Conclusions— The proposed categorization scheme can serve as a translation between measures. However, because of the ceiling effect of BI and M-FIM, the translation could not be completed for all 6 levels of MRS. No apparent variation over time in the categorization scheme was observed. Further research needs to be conducted to develop better prediction models explaining the relationship between M-FIM and MRS.
Approximately 700 000 strokes occur each year in the United States, leaving 500 000 stroke survivors with disability, and economic loss resulting from stroke approaches an estimated $51.2 billion annually.1 The ratio of indirect to direct costs is approximately 1.3, which indicates that indirect costs in stroke are higher than direct medical costs.2 Indirect costs result mostly from compromised physical functioning and caregiver involvement. The high indirect cost of stroke makes the reduction of disability in poststroke patients a major interest of healthcare providers, researchers, and policy makers. Improving the independence of stroke survivors is the primary objective of poststroke treatment.
Accurate and precise assessment of activities of daily living (ADL) in poststroke patients is important for quality care and for measuring the outcomes of stroke treatment. The Agency for Health Care Policy and Research Post-Stroke Rehabilitation Panel suggests using well-validated and standardized instruments for reliable documentation of poststroke disabilities and prognoses over time.3 The panel recommended 2 instruments—the Barthel Index (BI) and the motor component of the Functional Independence Measures (M-FIM)—for measuring poststroke disability.4,5
Although validated and used globally, the BI and M-FIM scales have limitations in their application and evaluation. First, because the BI and M-FIM scale yield ordinal values, researchers or practitioners may have difficulties in interpreting the clinical meaning of the scores or changes in scores. Interpretation of the summary score of the instrument is limited to numeric increases or decreases in total score.
Understanding and interpreting the clinical significance of changes in the summary score for these measures prove important not only for evaluating individual patient outcomes but also for evaluating population-level outcomes. Epidemiological or health economic research, which often evaluates population-level outcomes, typically defines clinically distinct stages in the disease process to measure outcomes. This approach provides more interpretable information on population outcomes.
Second, it is difficult to compare scores measured in the BI and M-FIM. This is important considering that patients who experience stroke often receive care from different facilities over time, depending on their prognoses, and the facilities do not always use the same instrument to document patient disability. Even though recorded outcome measures are complete, the patient’s disability outcomes may not be understood thoroughly in the continuum of care.6 A system for translating and comparing scores would reduce inefficiencies related to multiple instrument use.

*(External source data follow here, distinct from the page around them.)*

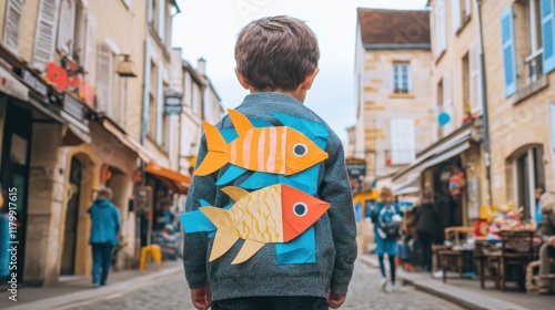 Child with colorful fish cutouts on jacket walking through a charming street festival. April fools day concept
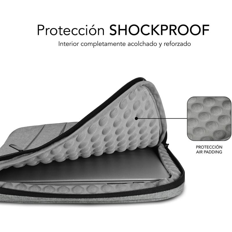 Funda Subblim Air Padding 360 Elegante funda Gris Claro para Portátiles hasta 15.6" Resistente a golpes, suciedad y salpicaduras.
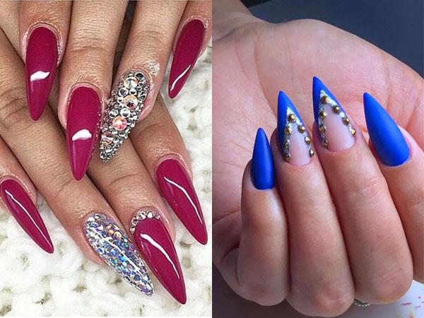 Острые ноготки на Новый год можно окрасить в яркие тона, с золотистым орнаментом, камушком, глиттером.
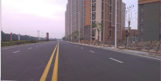 4、縱A3號路(K0+000~ K0+512.13)長512米,寬16米,面積8100㎡;人行道寬1.8米,面積1800㎡。
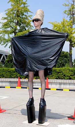 ガガさんのコスプレは、7月に放送されたトーク番組「徹子の部屋」(テレビ朝日系)に出演時の服装を再現。炎天下、黒い衣装に身を包んだコスプレーヤーは汗をかきながら直立不動のパフォーマンスを見せ、行き交う人の撮影依頼に応えていた。
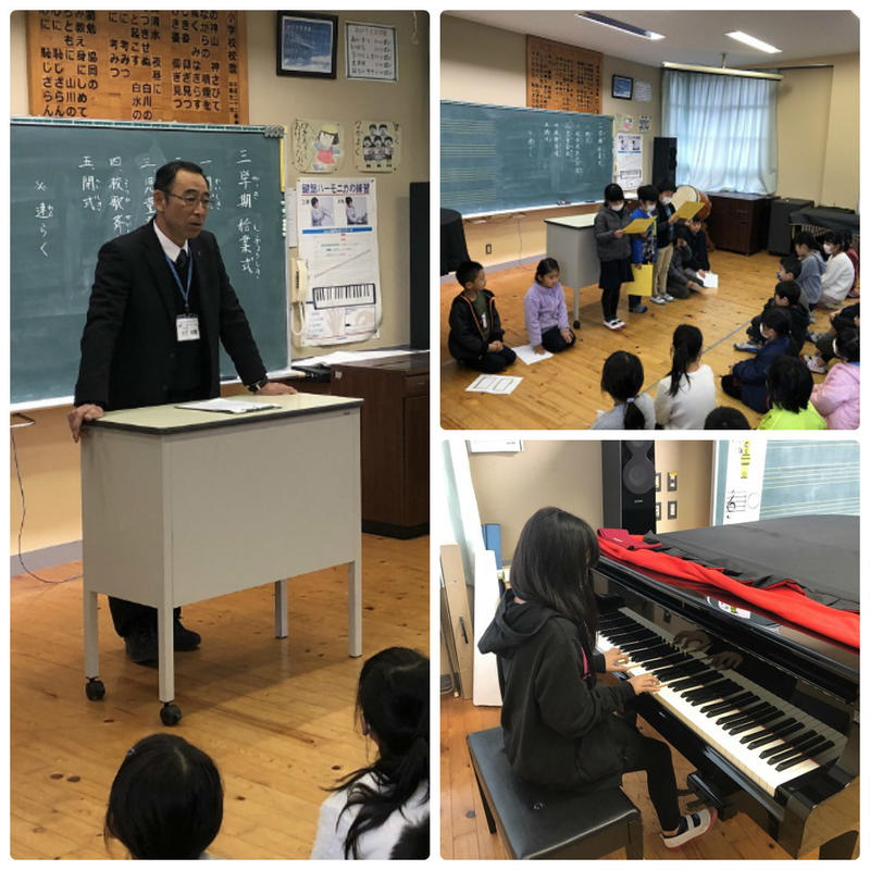 また、今年初めての校歌斉唱は、6年生の伴奏で歌う最後の校歌斉唱となりました。

Translation of scores across instruments also provides important information for population-level research. Studies using different instruments to evaluate the same program or intervention could be combined and interpreted together. Such integrated information, eg, meta-analyses, supports conclusions more strongly than a list of individual study results.

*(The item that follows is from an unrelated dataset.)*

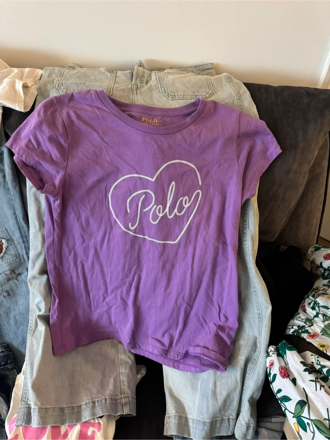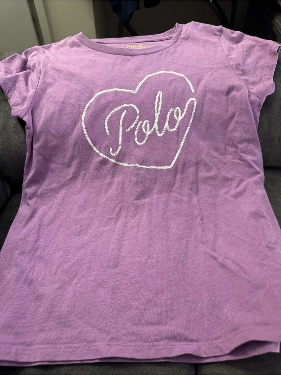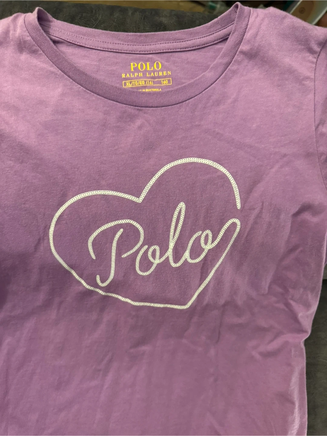 This is a purple Polo Ralph Lauren t-shirt with a white heart and 'Polo' graphic. It's a size XL/TG/EC (16) and made in Guatemala. A comfortable tee for everyday wear!

Because there is no systematic report on how many disability levels could be meaningfully categorized in the BI and M-FIM instruments and the cutoffs for those levels in each measures in respect to global disability scale, researchers have operationalized this in various ways.7,8
The purpose of this study is to examine the ability of the BI and the M-FIM scores to differentiate clinically distinct categories of disability and to identify those levels. The modified Rankin Scale (MRS), which has been used to define clinically discrete patient disability categories, was used as reference.
Subjects and Methods
Patient Population and Data Collection
This study uses data from the Kansas City Stroke Study (KCSS), a prospective cohort study. Data collection started in October 1995 and was completed by 1999.9–11 Eligible stroke patients from the KCSS were identified by (1) a review of daily admission records; (2) referrals from physicians, clinical nurse specialists, and therapists on medical, neurology, and rehabilitation units; and (3) review of discharge codes. The World Health Organization (WHO) definition of stroke as “rapid onset and of vascular origin reflecting a focal disturbance of cerebral function, excluding isolated impairment of higher function and persisting longer than 24 hours” was used. Trained nurses or physical therapists reviewed medical records and interviewed both patients and clinicians to determine whether the patient was eligible and consented to enrollment.

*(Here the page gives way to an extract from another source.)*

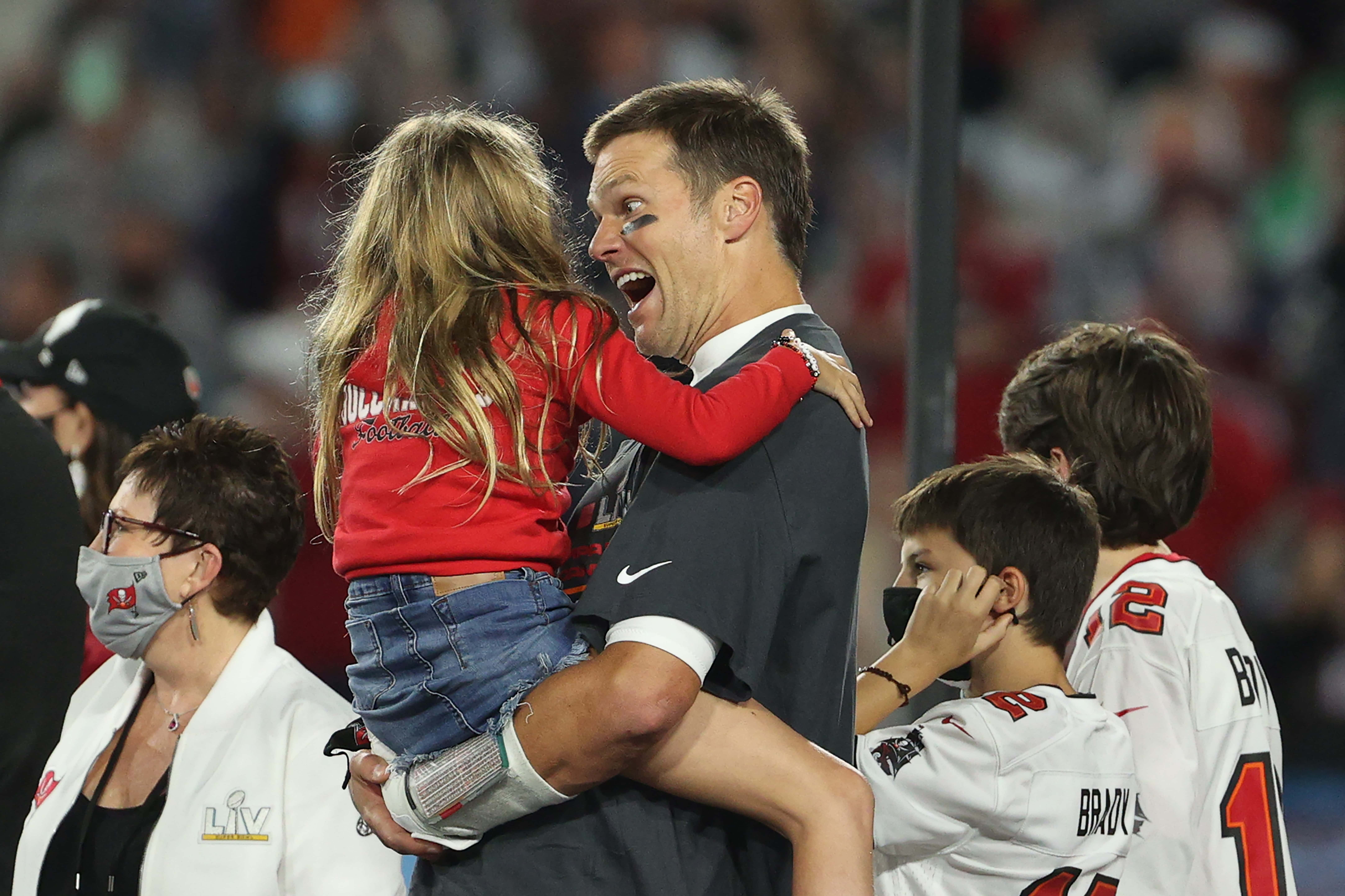 Super Bowl Lv Tom Brady Celebrates With Kids People Com - John edward thomas moynahan a.k.a jack is the first son of tom brady (thomas edward patrick brady jr).

Patients who participated in the KCSS were evaluated at enrollment (within 14 days from stroke onset) and at 1, 3, and 6 months after stroke. Trained interviewers recorded the M-FIM, BI, and MRS scores with systematic and comprehensive evaluation of patients at each data point. Average age of patients was 70±11.4 years, 53.4% were female. Of patients, 93.7% had had ischemic stroke, and 6.3% had had hemorrhagic stroke. Detailed information was provided previously.11
The BI is composed of 10 items with varying weights.12 Two items regarding personal toilet (wash face, comb hair, shave, and clean teeth) and bathing are evaluated with a 2-score scale (0 and 5 points); 6 items regarding feeding, getting onto and off the toilet, ascending and descending stairs, dressing, controlling bowels, and controlling bladder are evaluated with a 3-score scale (0, 5, and 10 points); and 2 items regarding moving from wheelchair to bed and returning, and walking on a level surface are evaluated with a 4-score scale (0, 5, 10, and 15 points). The BI is a cumulative score calculated by summing each item score. The BI scores are multiples of 5 with a range of 0 (completely dependent) to 100 (independent in basic ADL). Higher scores represent a higher degree of independence.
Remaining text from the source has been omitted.